Open AccessCysteine Oxidation Reactions Catalyzed by a Mononuclear Non-heme Iron Enzyme (OvoA) in Ovothiol Biosynthesis
Author(s) -
Heng Song,
Ampon Sae Her,
Fiona Raso,
Zhi-Bin Zhen,
Yuda Huo,
Pinghua Liu
Publication year - 2014
Publication title -
organic letters
Language(s) - English
Resource type - Journals
SCImago Journal Rank - 1.94
H-Index - 239
eISSN - 1523-7060
pISSN - 1523-7052
DOI - 10.1021/ol5005438
Subject(s) - chemistry , cysteine , ergothioneine , histidine , enzyme , biochemistry , heme , biosynthesis , cystine , oxidative phosphorylation , sulfinic acid , catalysis , organic chemistry , antioxidant
OvoA in ovothiol biosynthesis is a mononuclear non-heme iron enzyme catalyzing the oxidative coupling between histidine and cysteine.
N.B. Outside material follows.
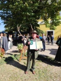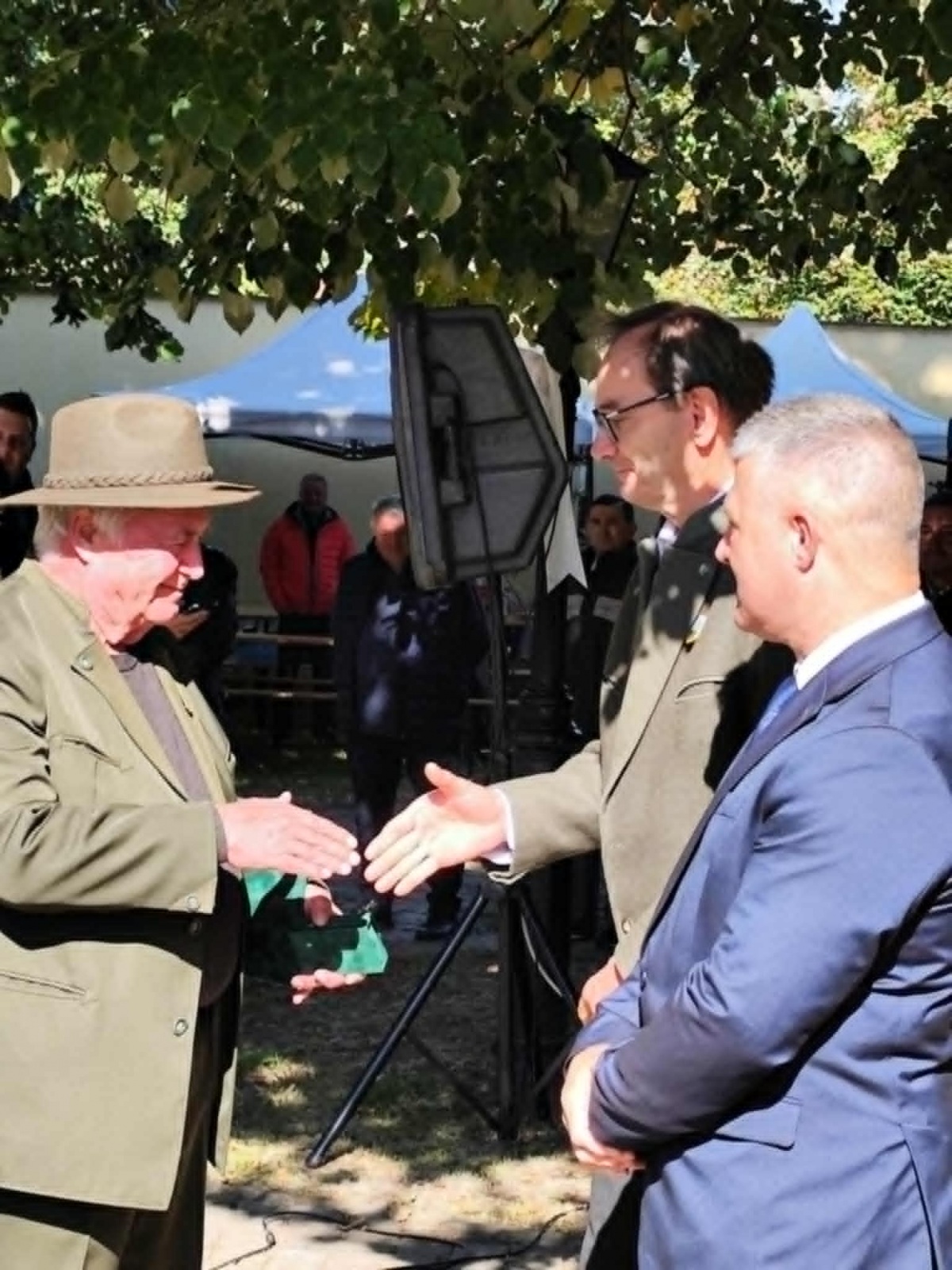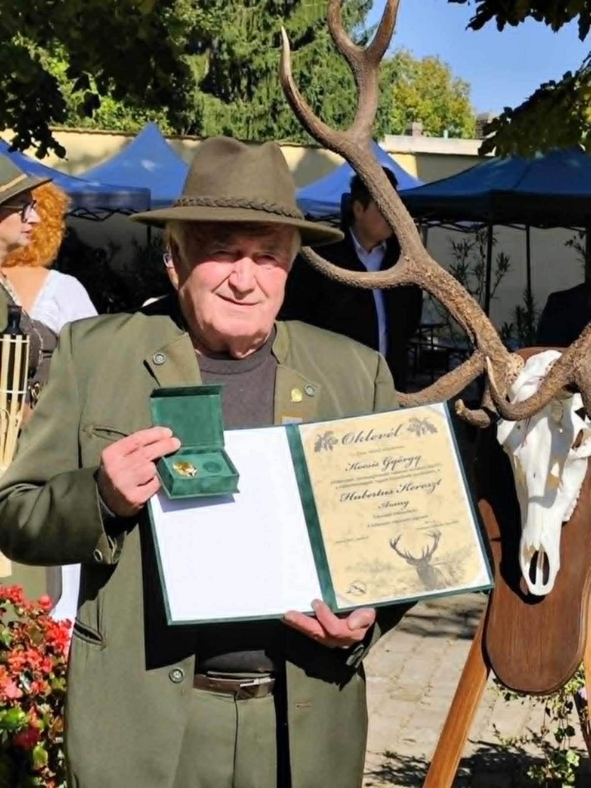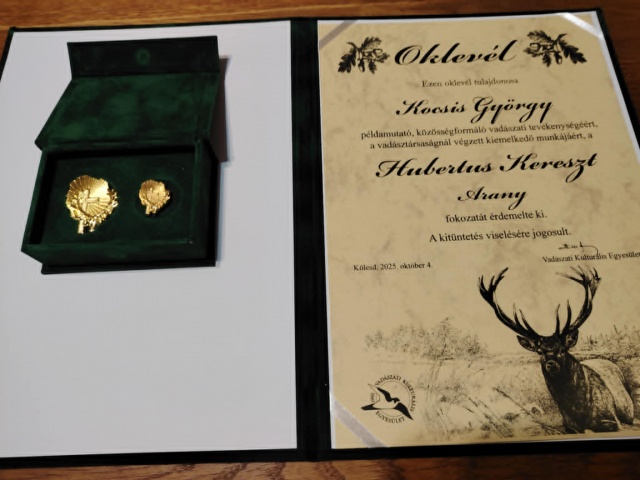 "Az oklevél tulajdonosa Kocsis György példamutató, közösségformáló vadászati tevékenységéért, a vadásztársaságnál végzett kiemelkedő munkájáért, a Hubertus Kereszt Arany fokozatát érdemelte ki.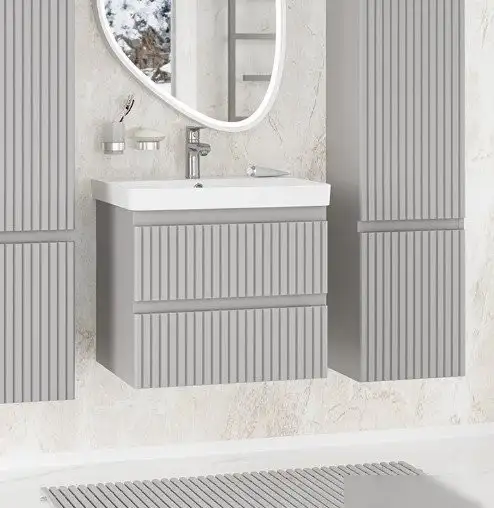 Тумба под умывальник Brevita Victory 60 сочетает практичность и стиль. Она выполнена из ЛДСП и МДФ, что делает её прочной и долговечной. Тумба предназначена для умывальника шириной 60 см и устанавливается в подвесном формате, что облегчает уборку под ней. Размеры тумбы: ширина 56 см, глубина 45.4 см и высота 49 см, вес — 22,5 кг. Ее серый цвет подходит к разным интерьерным стилям. Угловая конструкция отсутствует, что обеспечивает более удобное использование пространства. Внутри есть выдвижные ящики с доводчиками, которые делают открытие и закрытие мягким и тихим. Тумба не оснащена встроенной подсветкой или дополнительными функциями, что делает её простой в использовании. Благодаря качественному материалу и функциональной конструкции, она прослужит долго и будет удобно в эксплуатации.

It can also catalyze the oxidative coupling between hercynine and cysteine, yet with a different regio-selectivity. Due to the potential application of this reaction for industrial ergothioneine production, in this study, we systematically characterized OvoA by a combination of three different assays. Our studies revealed that OvoA can also catalyze the oxidation of cysteine to either cysteine sulfinic acid or cystine. Remarkably, these OvoA-catalyzed reactions can be systematically modulated by a slight modification of one of its substrates, histidine.